Winner of the South Carolina Heritage Tourism Award, the Lowcountry Trail consists of a beautiful boardwalk that crosses the hillside overlooking Mainfield, a restored rice field of the former Brookgreen Plantation. For enslaved Africans on Brookgreen Plantation, this hill was a bridge between the world of daily work and the familiarity of life in the slave village beyond the crest of the hill. The rhythms of life - planting, growing, harvesting, threshing - changed seasonally for everyone on the rice plantation.
Archaeological projects have revealed the remains of four structures on the hillside: the site of the overseer's residence at the apex of the hill, and its kitchen, smokehouse and dependency closer to the edge of the rice field. Along the trail, interpretive panels describe life on a rice plantation and four stainless steel figures have been placed to represent the Plantation Owner, the Overseer, and an Enslaved African Male and an Enslaved African Female.
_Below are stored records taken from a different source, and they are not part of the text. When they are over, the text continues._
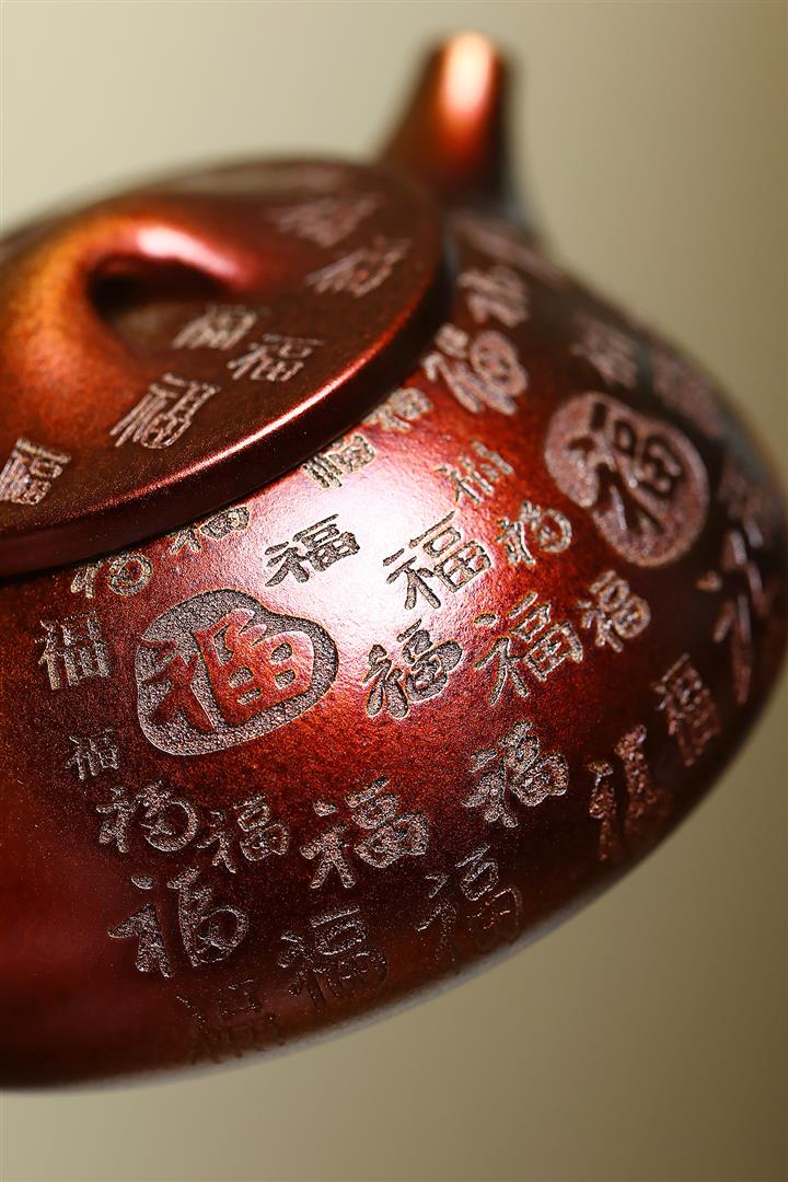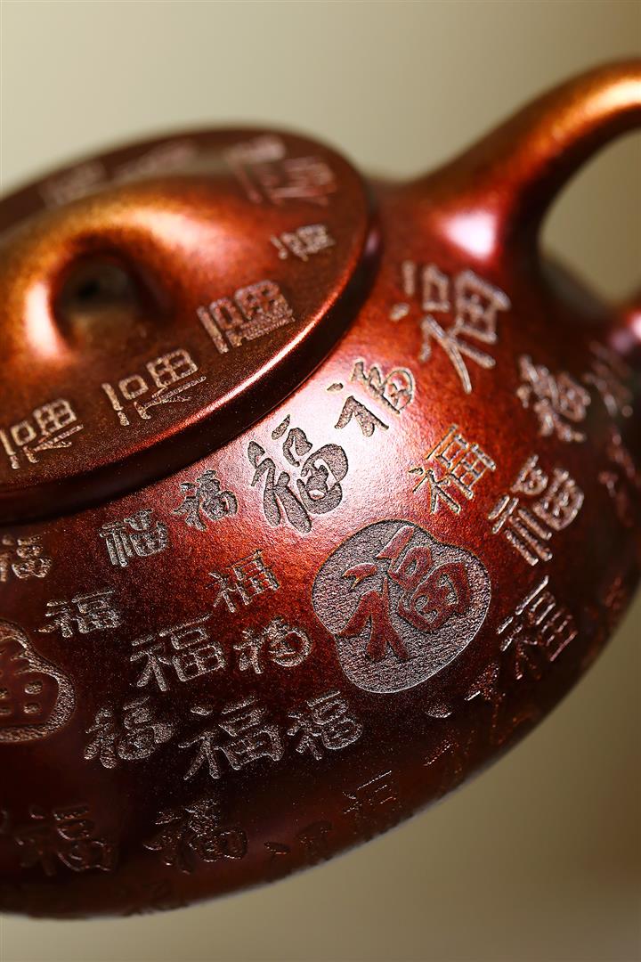 原礦大紅袍刻繪漁翁掇球壺POT6978
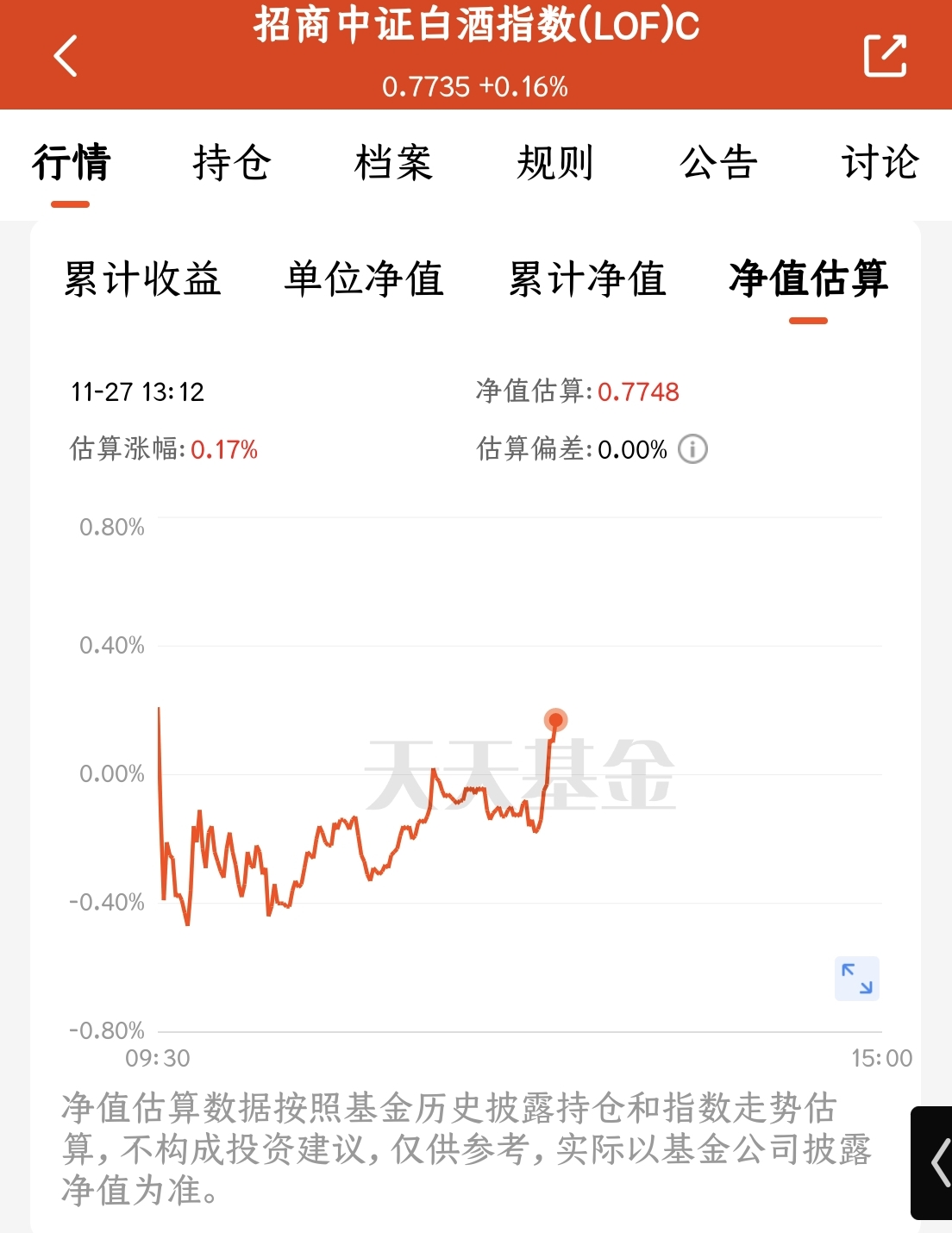 今天白酒表现不错,探底回升。临近年底,消费板块近期逐渐回暖,白酒作为关键领域备受关注。春节临近,旺季需求预计带动行情升温,龙头品牌盈利稳健,节前备货和消费复苏双重推动下,白酒有望走势向好。我打算分批布局,定投加仓,短期可把握春节行情,长期持有亦稳妥,适合稳健布局。白酒指数基金$招商中证白酒指数(LOF)C(OTCFUND|012414)$持仓都是消费龙头企业,结合消费趋势与定投优势,有望获取收益。
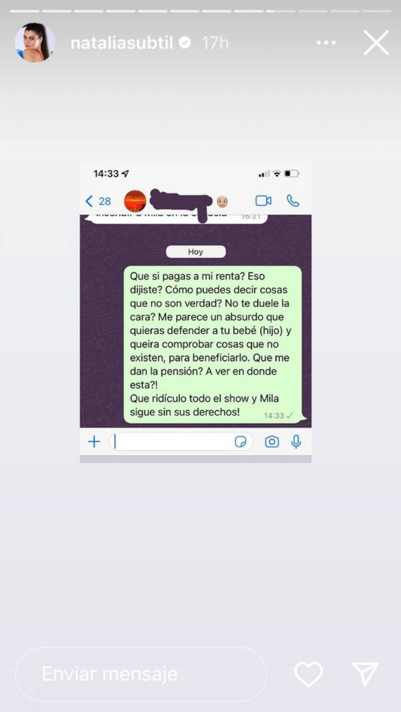 “¿Que sí pagas mi renta? ¿Eso dijiste? ¿Cómo puedes decir cosas que no son de verdad? ¿No te duele la cara?. Me parece absurdo que quieras defender a tu bebé (hijo) y quieras comprobar cosas que no existen para beneficiarlo. ¿Qué me dan la pensión? A ver, ¿En dónde está? ¡Qué ridículo todo el show y Mila sigue sin sus derechos!”, se puede leer en el mensaje que le envió, el cual no tiene respuesta.
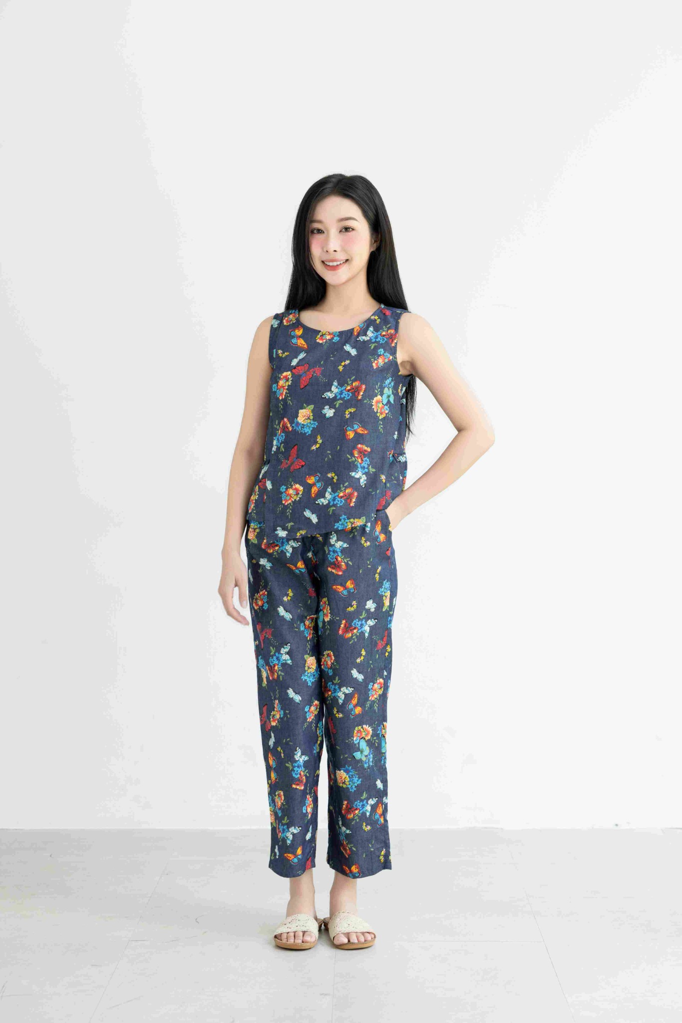 2. Mô tả chi tiết Đồ bộ dài không tay thiết kế vạt xéo hoa bướm
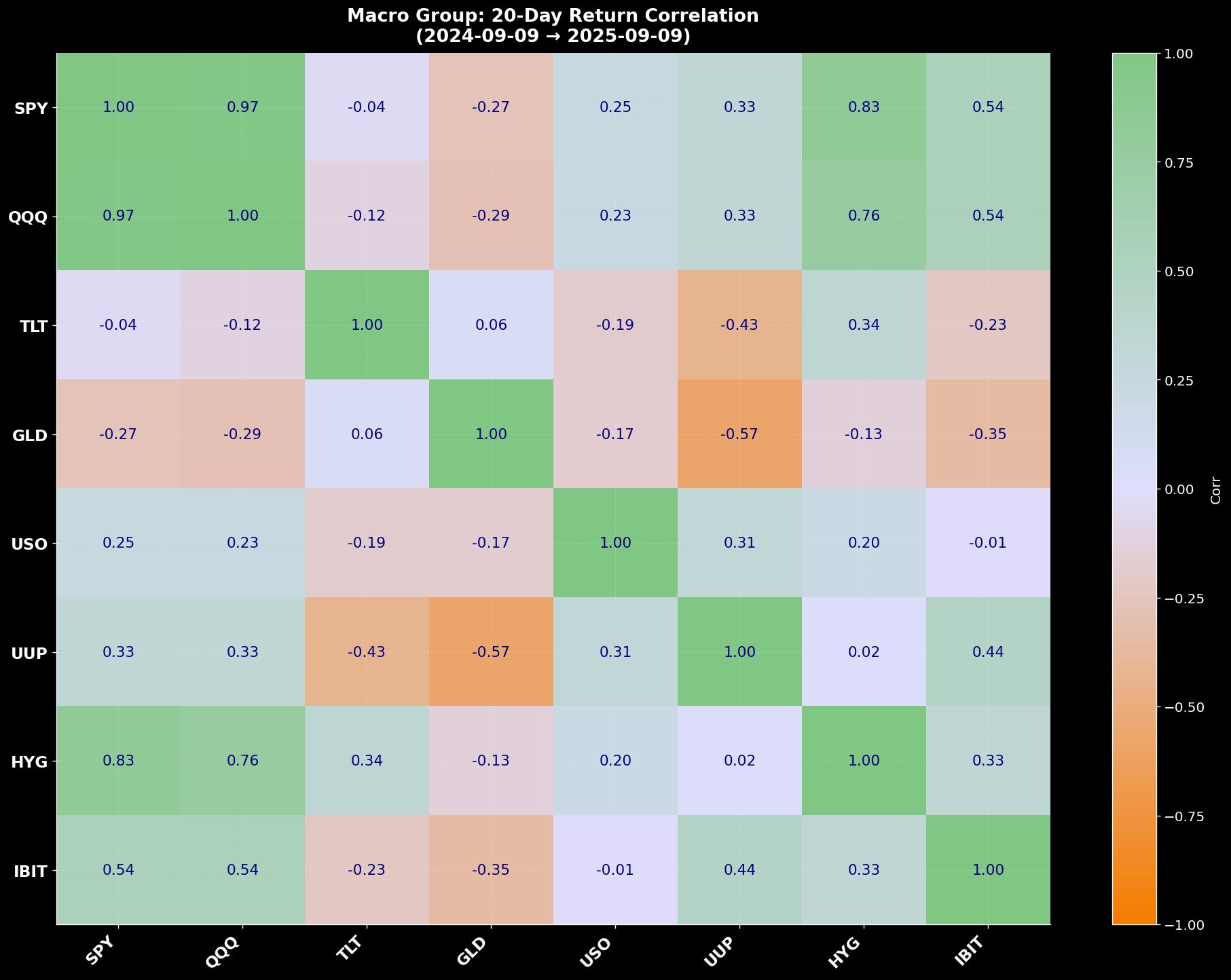 In the past 20 days, Gold traded with a modestly negative correlation with stocks, Bitcoin, and the US Dollar (UUP).
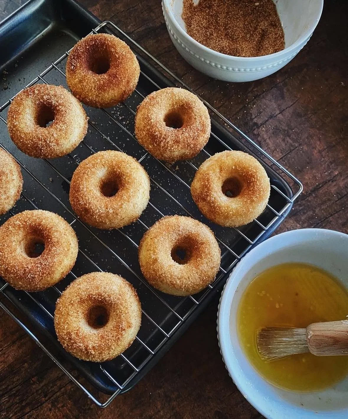 Add Topping: While warm, brush each donut lightly with melted butter, then toss in the cinnamon sugar mixture until well coated.
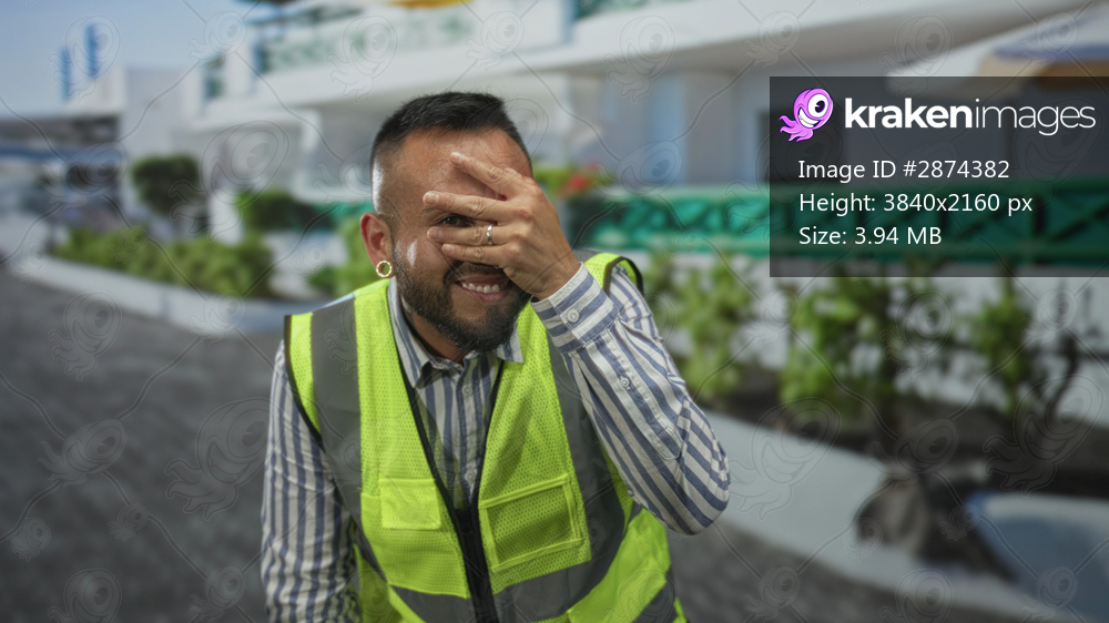 Man wearing reflective safety vest and striped shirt covers face with hand while smiling, showing ring and earring in front of a building facade and balcony; embarrassment. - Kraken Images

These figures, created in stainless steel by Babette Bloch, an award- winning artist known for her site-specific works, serve as visually compelling landmarks to draw visitors along the trail and to interpret a revealing story about each one's role in the economic and social system of a Lowcountry plantation.
The Lowcountry Trail Audio Tour is a public education program that emphasizes historic preservation.The tour winds along the Ricefield Overlook and adjacent rice field and is free with garden admission. As you walk the trail, a 30-minute fictional story about life on Brookgreen Plantation unwinds progressively, on listening stations placed along the way.